Miejskie Przedsiębiorstwo Komunikacyjne od początku twierdziło, że po ich stronie nie było problemu. Rok temu rzecznik prasowy MPK Marek Gancarczyk tłumaczył nam, że materiały i części stosowane w tramwajach spełniały wszystkie wymagane normy.

Ekspertyzę w tej kwestii zleciła również policja. Co z niej wyniknęło? –  Pod podłogą tramwaju doszło do zwarcia instalacji elektrycznej i stopienia izolacji, w wyniku czego powstały opary gazów, które następnie uległy zapaleniu i wybuchowi – opowiedział skrótowo Sebastian Gleń z małopolskiej policji.

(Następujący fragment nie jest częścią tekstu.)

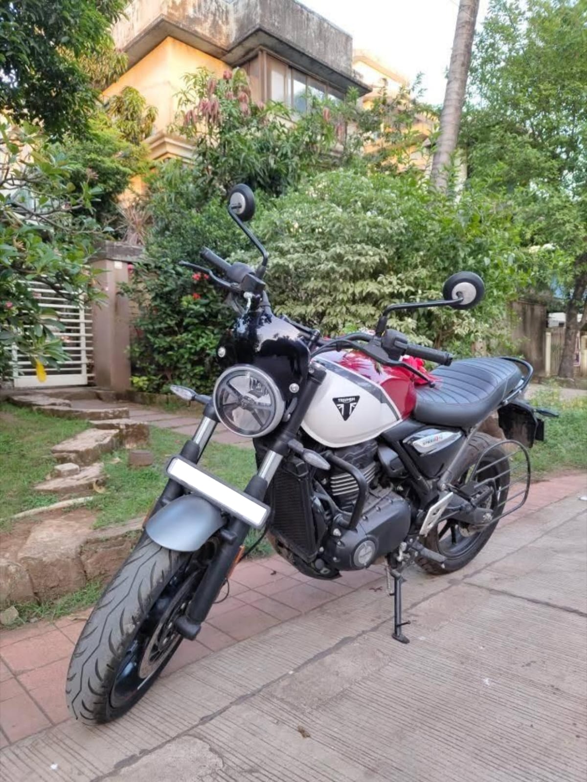 The triumph speed T4 windshield , designed and manufactured by Autopappa Motoclub, is a practical and stylish upgrade that enhances both the aerodynamics and retro appeal of the bike. By efficiently channeling airflow, it reduces turbulence, ensuring a smoother and more comfortable ride, especially on highways. Additionally, it improves stability at higher speeds, making long-distance rides more effortless. Designed to seamlessly blend with the speed T4’s retro-scrambler aesthetics, this windshield enhances the bike’s rugged yet sleek look while providing essential wind protection.

Śledczy dostali dokumenty i miesiąc po tym zdecydowali o umorzeniu postępowania, które było prowadzone pod kątem narażenia na niebezpieczeństwo utraty życia lub zdrowia. – Postanowieniem z 14 sierpnia 2020 r. dochodzenie zostało umorzone z uwagi na brak znamion czynu zabronionego (art. 17§1 pkt 2 k.p.k.). Postanowienie nie zostało zaskarżone – poinformował rzecznik prasowy krakowskiej prokuratury okręgowej Janusz Hnatko.

– Tramwaj dalej jeździ. Przeszedł dokładny przegląd i od tamtego momentu bezawaryjnie jest wykorzystywany w przewozie pasażerów. Choć czas tych tramwajów, czyli E1, jest bliski końca – mówi Marek Gancarczyk.